Bug 50078 - [4.6 Regression] combine wrong code: volatile accesses optimized out
Summary: [4.6 Regression] combine wrong code: volatile accesses optimized out
Status: RESOLVED FIXED
Alias: None
Product: gcc
Classification: Unclassified
Component: tree-optimization (show other bugs)
Version: 4.6.2
: P2 normal
Target Milestone: 4.6.3
Assignee: Jakub Jelinek
URL:
Keywords: wrong-code
Depends on:
Blocks:
 
Reported: 2011-08-13 23:02 UTC by Krzysztof Halasa
Modified: 2012-06-11 09:51 UTC (History)
5 users (show)

See Also:
Host:
Target:
Build:
Known to work: 4.5.3
Known to fail:
Last reconfirmed: 2011-08-14 00:00:00


Attachments
gcc47-pr50078.patch (955 bytes, patch)
2011-11-28 09:12 UTC, Jakub Jelinek
Details | Diff

Note You need to log in before you can comment on or make changes to this bug.
Description Krzysztof Halasa 2011-08-13 23:02:33 UTC
I think armeb-pc-linux-gnueabi-gcc 4.6.2pre 20110813 (cross-compiled on x86-64) is a bit too optimistic with -O2:

unsigned var[2];

void test(int arg)
{
	unsigned v = *(volatile unsigned *)(&var[arg]);
	*(volatile unsigned *)(&var[arg]) = v;
}

produces:
00000000 <test>:
   0:   e12fff1e        bx      lr
Comment 1 Mikael Pettersson 2011-08-14 09:22:01 UTC
Not ARM-specific, also happens on i686-linux.
Comment 2 Richard Biener 2011-08-14 09:37:26 UTC
Mine.

          /* If the statement is a scalar store, see if the expression
             has the same value number as its rhs.  If so, the store is
             dead.  */
          else if (gimple_assign_single_p (stmt)
                   && !is_gimple_reg (gimple_assign_lhs (stmt))
                   && (TREE_CODE (gimple_assign_rhs1 (stmt)) == SSA_NAME
                       || is_gimple_min_invariant (gimple_assign_rhs1 (stmt))))

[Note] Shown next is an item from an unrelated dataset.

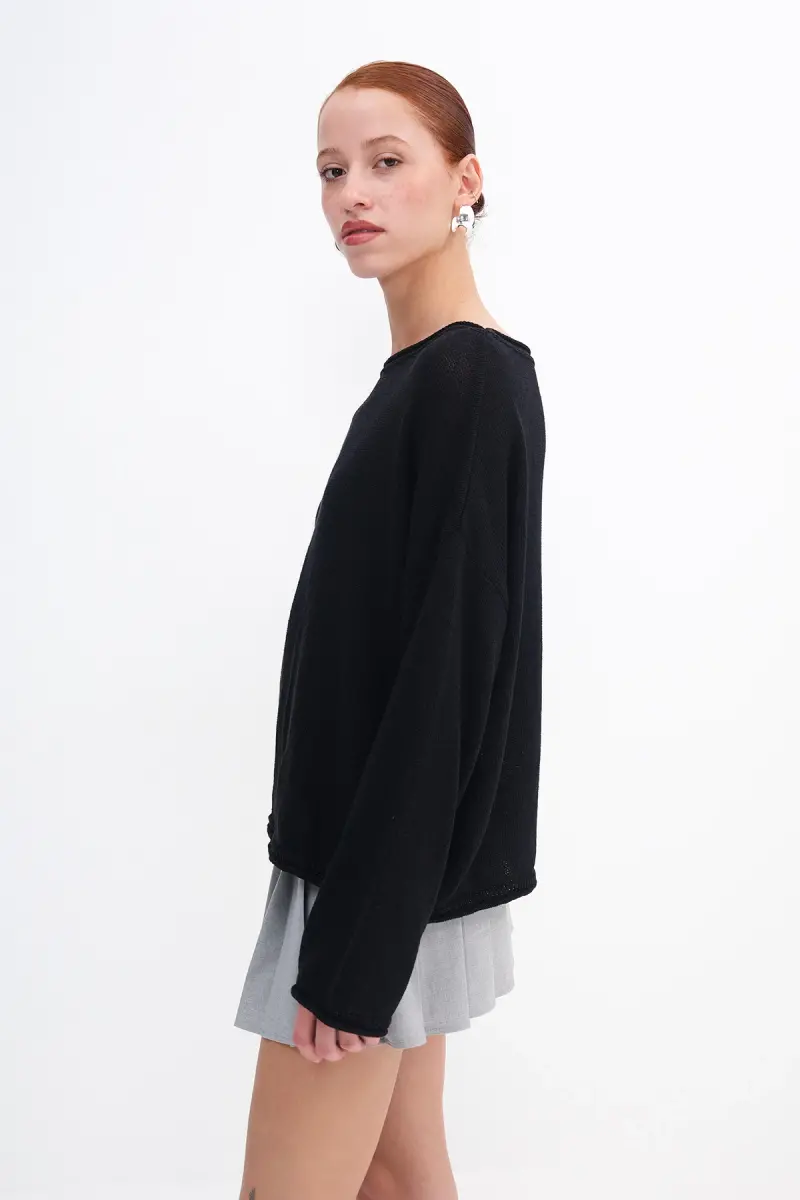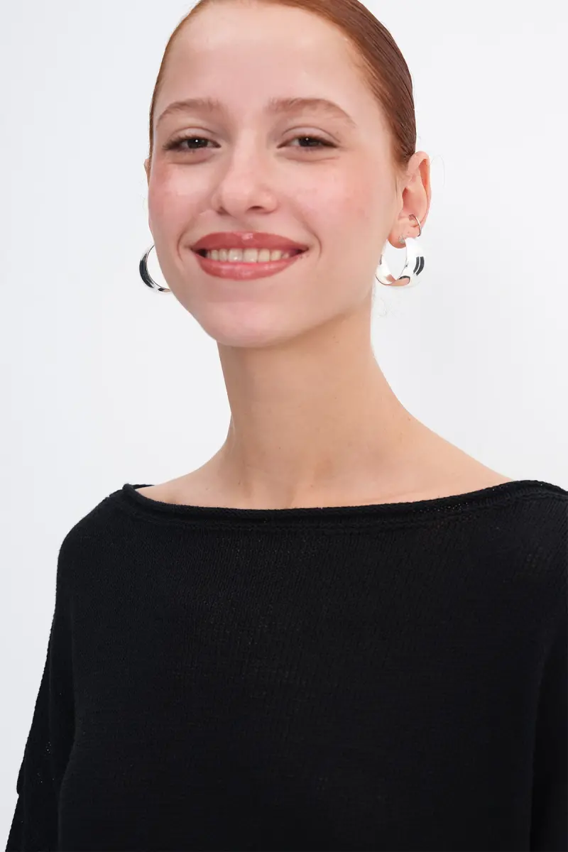 Kayık Yaka Triko Kazak K10237-A5-Siyah

needs a && !gimple_has_volatile_ops (stmt).
Comment 3 Richard Biener 2011-08-15 09:11:50 UTC
Actually I was wrong guessing - the tree level is fine, it is combine that
removes the "noop" move completely:

Trying 6 -> 11:
Failed to match this instruction:
(set (mem/s:SI (plus:DI (ashiftrt:DI (mult:DI (subreg:DI (reg/v:SI 60 [ arg ]) 0)
                    (const_int 4294967296 [0x100000000]))
                (const_int 30 [0x1e]))
            (symbol_ref:DI ("var")  <var_decl 0x7ffff7ee3140 var>)) [2 var S4 A32])
    (mem/s/v:SI (plus:DI (ashiftrt:DI (mult:DI (subreg:DI (reg/v:SI 60 [ arg ]) 0)
                    (const_int 4294967296 [0x100000000]))
                (const_int 30 [0x1e]))
            (symbol_ref:DI ("var")  <var_decl 0x7ffff7ee3140 var>)) [2 var S4 A32]))
rejecting combination of insns 6 and 11
original costs 4 + 9 = 13
replacement cost 31
deleting noop move 11

Confirmed on x86_64 as well.
Comment 4 Richard Biener 2011-08-15 09:13:40 UTC
noop_move_p returns true for this - ignoding the side-effects.
Comment 5 Steven Bosscher 2011-09-11 15:14:19 UTC
Actually it is not noop_move_p that's at fault here, but the disgusting hack for NOOP_MOVE_INSN_CODE. The insn is marked as a NOOP_MOVE somewhere else in combine.
Comment 6 Steven Bosscher 2011-09-11 15:22:36 UTC
int
set_noop_p (const_rtx set)
{
  rtx src = SET_SRC (set);
  rtx dst = SET_DEST (set);

  if (dst == pc_rtx && src == pc_rtx)
    return 1;

  if (MEM_P (dst) && MEM_P (src))
    return rtx_equal_p (dst, src) && !side_effects_p (dst);

Note there is no check on side_effects_p(src).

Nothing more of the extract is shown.